New rules came into play on 1 December 2020 which allow HMRC to leapfrog other creditors in the order of priority of payment that applies when a business goes bust. This broadly returns the position to the situation before the preferential status of these claims were abolished in 2003 to promote enterprise.
The theory behind the changes, and presumably their earlier existence, is that businesses collect certain taxes and periodically pay them over to HMRC. When businesses struggle these funds are often withheld and used for other purposes, such as bolstering cashflow including paying off other creditors. HMRC therefore feel that priority should be given to replenishing their funds upon insolvency, particularly as such funds may still be held.
So the new rules mean that insolvencies starting from 1 December 2020 HMRC will enjoy secondary preferential status for the repayment of many taxes ranking only behind certain secured creditors, insolvency costs and existing preferential claims (comprising wages and holiday pay due to employees). Those taxes are:
– Employee’s (but not employer’s) NIC
– Student loan repayments
– CIS deductions
Preferential claims for those taxes are not time limited as they were last time round and so can stretch back over a considerable period. This will be particularly relevant following the pandemic, during which the payment of many taxes has been deferred.
These provisions do not, however, apply to corporation tax or employer’s NIC since these are not taxes on others collected on behalf of HMRC but are taxes directly on the business itself.
Business owners might say well does this really matter. Well the answer is yes as it does have real implications both before and after business insolvency occurs and even if it never does.
Firstly, since many lenders to a business rely on their floating charge over a company’s assets to obtain repayment should things go wrong, returns in this respect will be diluted as this now ranks behind the aforementioned taxes due to HMRC rather than before as previously. This will make lenders less likely to provide business finance and, where they do, this may be at a higher cost and personal guarantees are more likely to be required (more on which follows).

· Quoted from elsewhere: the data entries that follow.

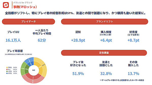 2025年2月25日~ 3月17日の約3週間実施したところ、「認知」が28.9ポイント、「好意度」が8.7ポイント増加したほか、定性調査では「プレイ後好きになった」51.9%、「その後購入した」13.7%などブランドリフトへの貢献が明らかになった。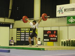 ウエイトリフティング少年の部105kg級スナッチ競技で秋田県代表の高橋俊郎選手(秋田経済法科大学付属高校)が、自身が持つ高校生記録の130.0kgをさらに上回る高校新記録132.5kgを出し、1位になりました。左の写真は、132.5kgを持ちあげる瞬間です。 |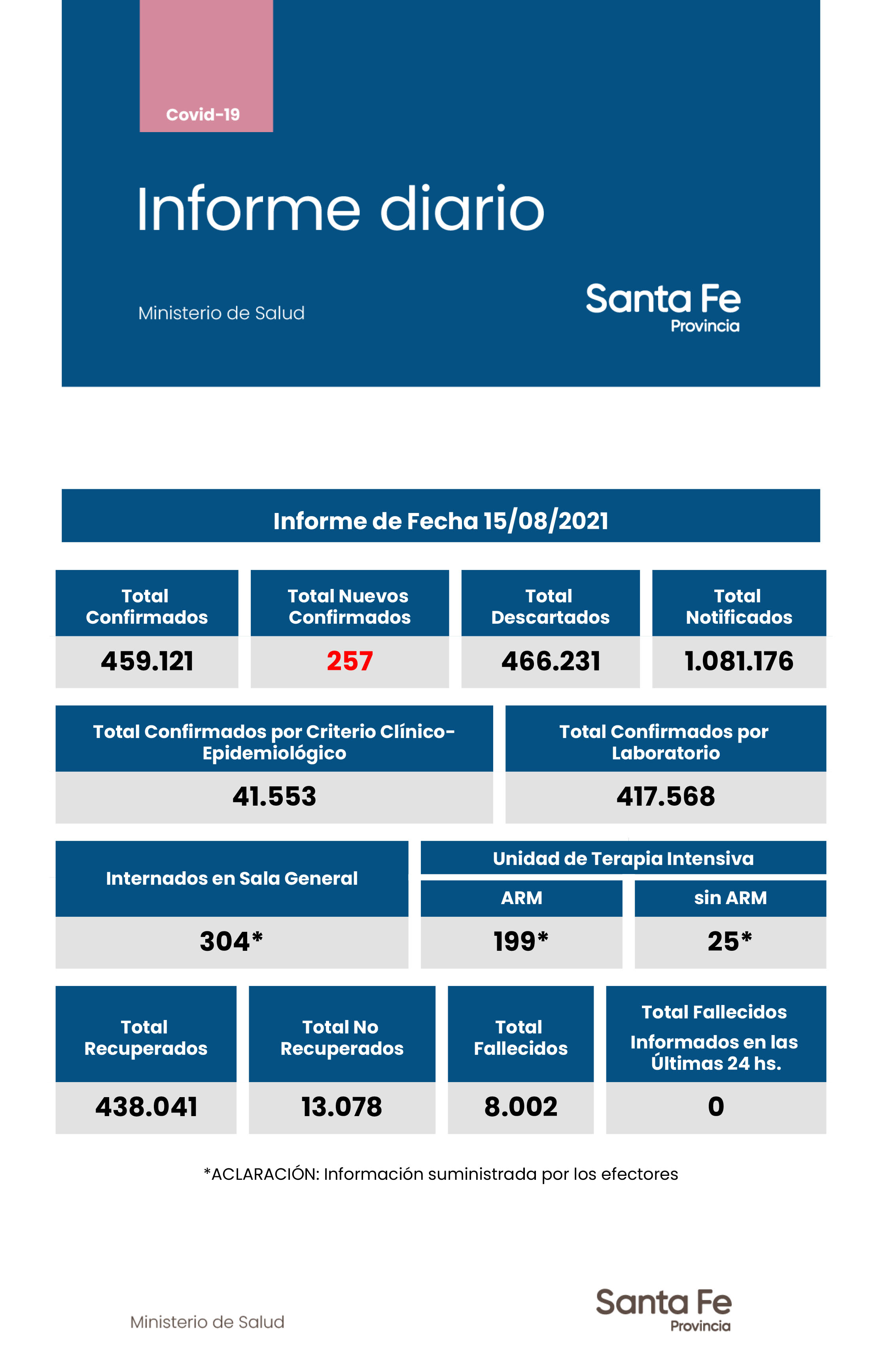 El nuevo reporte ofrecido por el Ministerio de Salud de la provincia de Santa Fe ofrece números de alivio, aunque la cifra suele decaer rotundamente los fines de semana.

Secondly, should businesses get into trouble and wish to avail themselves of a rescue procedure such as a company voluntary arrangement (CVA), this could be much harder to get off the ground as funds coming into the arrangement will need to repay the aforementioned claims from HMRC first before money becomes available to ordinary creditors. Returns to those ordinary creditors are therefore likely to diminish, if they exist at all, making the approval of a CVA at best harder to achieve or at worst impossible, so forcing the businesses into more terminal insolvency procedures.
Thirdly, theory has it that if HMRC know they stand a better chance of making a recovery upon formal insolvency, they are more likely to be willing to force a business down that route than look at survival strategies. The counter to this, though, is that HMRC may be more willing to enter into time to pay agreements if they know they have more chance of making a recovery if things go wrong.
Fourthly, should you be unfortunate enough to have a business failure, it is quite possible that as a director you may have personally guaranteed the finance providers. If they will now make a lower recovery under their security as mentioned above, your personal exposure is likely to correspondingly increase under any such guarantees.
Finally, if you have lent money to your failed business as is commonly the case, many of HMRC’s claims will now rank ahead of yours in the insolvency procedure, so diluting or eliminating any return you might have been anticipating.
In summary, these changes are quite likely to negatively impact many businesses and their owners and stifle enterprise at a time when perhaps it is particularly important for this to be encouraged.